Pacific Rim is a deeply dorky movie. That isn’t criticism (or praise); it’s an observation, and it shouldn’t come as a surprise. Pacific Rim is a Guillermo del Toro film, and Guillermo del Toro is a deeply dorky filmmaker. I’m not sure how del Toro convinced Warner Bros to finance Pacific Rim, an original property with no stars. It’s a tough sell in this summer landscape of sequels and superheroes (and might explain the film’s poor tracking so far), but that’s only one way in which del Toro’s film differs from its competitors.

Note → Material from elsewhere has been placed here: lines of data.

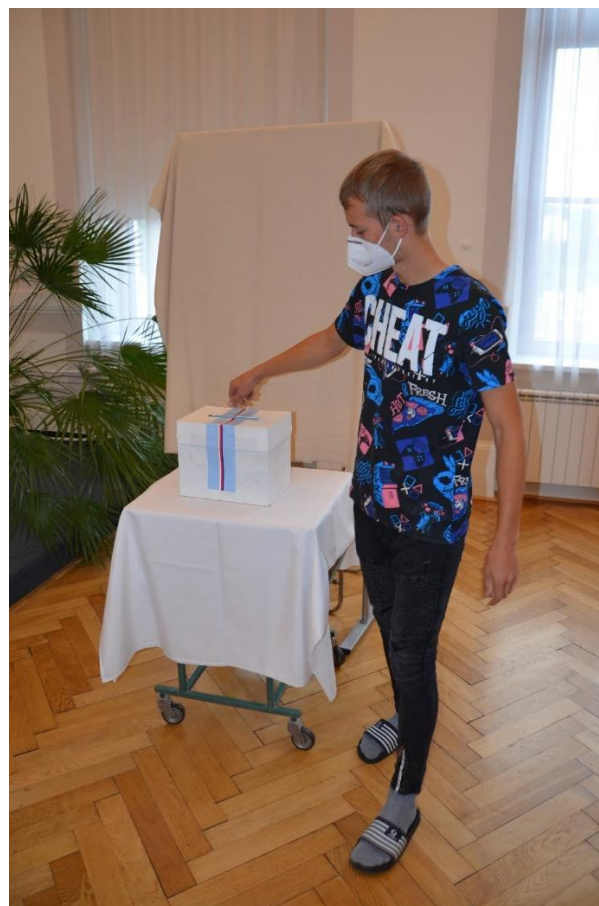
Studentské volby do Poslanecké sněmovny ČR na GVM.
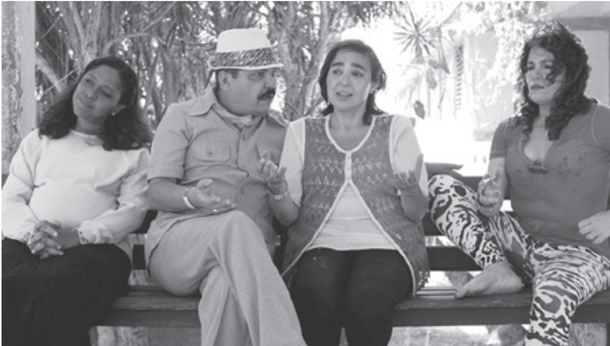
El viaje extraordinario de Celeste García es una película que retrata las preocupaciones de la sociedad moderna cubana.
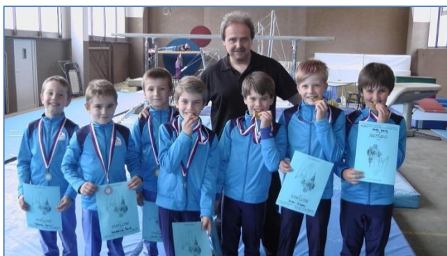
Úspěšní šternberští gymnasté TJ Sokol Šternberk
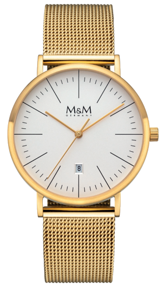
Referenz: M11970-212 Größe: Ø 40 mm Uhrwerk: Quarz Gehäuse: Edelstahl, IP gold, matt Band: Milanaisiband, IP gold Zifferblatt: silber Wasserdicht 3 ATM UVP: 169,00 Euro

For another, del Toro seems utterly uninterested in telling an origin story, which has been the predominant narrative form of popular cinema for the past decade or so (thanks to the influence of superhero movies, but also present in everything from Casino Royale to Star Trek). Pacific Rim begins with a 5 minute prologue that explains the universe of the movie. Giant monsters (dubbed “kaiju”) came from under the sea, through a breach in the tectonic plates. They attacked coastal cities, forcing humankind to cooperate and create robotic monsters of our own (dubbed “Jaegers”), each operated by two pilots who meld minds through some barely explained neural connection called “drifting.”

Although the film comes complete with its own mythology, del Toro is telling us an archetypal story of robots fighting monsters, not a prototypical one. Like the Japanese monster films that inspired it, Pacific Rim, despite containing the seeds of a franchise, is not a chapter in an ongoing story; instead, it’s a self-contained story.

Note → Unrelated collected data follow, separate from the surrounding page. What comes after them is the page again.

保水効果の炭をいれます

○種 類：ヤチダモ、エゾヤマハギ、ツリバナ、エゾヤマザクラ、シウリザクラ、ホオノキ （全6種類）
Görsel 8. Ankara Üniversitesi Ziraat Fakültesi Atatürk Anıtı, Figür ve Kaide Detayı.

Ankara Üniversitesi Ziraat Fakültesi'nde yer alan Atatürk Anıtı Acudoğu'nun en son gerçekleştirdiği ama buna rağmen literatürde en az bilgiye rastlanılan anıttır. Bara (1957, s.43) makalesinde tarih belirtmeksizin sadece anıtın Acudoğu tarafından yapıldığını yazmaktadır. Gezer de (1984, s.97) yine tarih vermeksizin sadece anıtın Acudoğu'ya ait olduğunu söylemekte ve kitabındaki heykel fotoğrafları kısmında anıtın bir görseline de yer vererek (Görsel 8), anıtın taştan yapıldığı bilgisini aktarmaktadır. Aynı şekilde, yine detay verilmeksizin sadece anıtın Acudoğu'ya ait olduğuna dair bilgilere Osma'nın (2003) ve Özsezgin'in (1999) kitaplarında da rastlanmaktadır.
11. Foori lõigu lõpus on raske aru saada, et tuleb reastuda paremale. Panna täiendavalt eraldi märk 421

Pacific Rim feels like an on-screen representation of a pre-adolescent boy’s sugar-addled mind, fresh from watching a Godzilla marathon on SyFy. It’s the anti-Dark Knight. Unlike other blockbusters this year, Pacific Rim can’t double as an allegory about Christ (Man of Steel), American foreign policy (Star Trek), or media-perpetrated fear mongering (Iron Man 3). In comparison, it eschews any sort of allegorical pretense. It’s a big, colourful tale of good vs. evil, robots vs. monsters. The Godzilla movies may have been stoked by post-War anxiety over nuclear proliferation, but Pacific Rim is willfully apolitical.

The film’s best action is set in Hong Kong, where the kaiju and the Jaegers battle amidst the city’s skyscrapers. Between The Avengers and Man of Steel, the destruction of cities in feature films seems close to reaching a point of no return (in which audiences would be forced to realize that the amount of property damage done in these films could cripple entire economies), but Pacific Rim makes both of those films look half-assed in comparison, despite featuring less destruction than either. Between the design of the monsters, which is detailed down to the texture of their knotty reptilian skin, and the neon-tinted cinematography of Guillermo Navarro, this scene shows what is aesthetically possible in a big budget film from a filmmaker as unique and imaginative as Guillermo del Toro.     

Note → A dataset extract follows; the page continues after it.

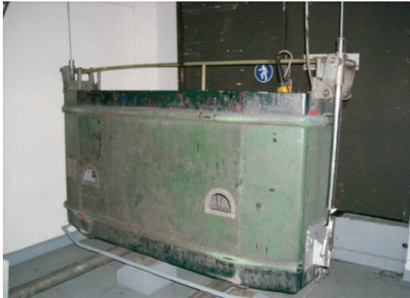
Gondel gevelonderhoudinstallatie in conditie 3

That said, while del Toro is a gifted filmmaker, he isn’t always the best storyteller. Perhaps because Pacific Rim interprets its influences, Japanese monster movies, with no intention of critique or irony, it ends up rehashing similar flaws. Our lead character is Raleigh Becket, a Jaeger pilot. Other than being a good fighter, Raleigh is just another muscular white guy with nothing interesting going on. Indeed, the main narrative of the film, about an outpost of fighters using the last of their resources to put an end to the kaiju invasions once and for all, doesn’t have anything particularly interesting going on. That includes Idris Elba as a the outpost’s commander, as well as Rinko Kikuchi as Raleigh’s inexperienced co-pilot.      

The supporting characters of Pacific Rim are much more intriguing than the core group. A whole movie could have been made about Charlie Day’s Dr. Newton, who spends much of the movie trying to acquire a kaiju brain from a black market salesman, Hannibal Chau, played with an eccentric sartorial attitude by Ron Perlman. The most del Toro-esque scene of the film takes place in Chau’s kaiju part shop, as nameless workers carry grotesque kaiju limbs from one side of the room to another, as if for no other purpose than to keep it in front of the camera for a split second.

Guillermo del Toro may have wanted to make an epic film, and an epic film may require a story about classically good looking, square-jawed hero, but that’s not where his strengths lie. In Hellboy, his hero is a red skinned freak who desperately wants to be normal. In Pan’s Labyrinth, his heroine is a little girl trying to escape from her abusive stepfather. I can’t imagine del Toro, the enthusiastic, HP Lovecraft-loving dork, identifying with Raleigh, the handsome fighter pilot, over Newton, the neurotic monster-obsessed scientist. I’m sure Pacific Rim will get a lot of love from fans who are happy to see monsters battling robots on such an epic scale, and it’s hard to blame them when those battles are so well-made. Before praising the film too much, let’s remember that del Toro is a better filmmaker than the drama of Pacific Rim suggests, and, as talented as he is, perhaps this is evidence that he’s not a perfect match for a $180 million spectacle.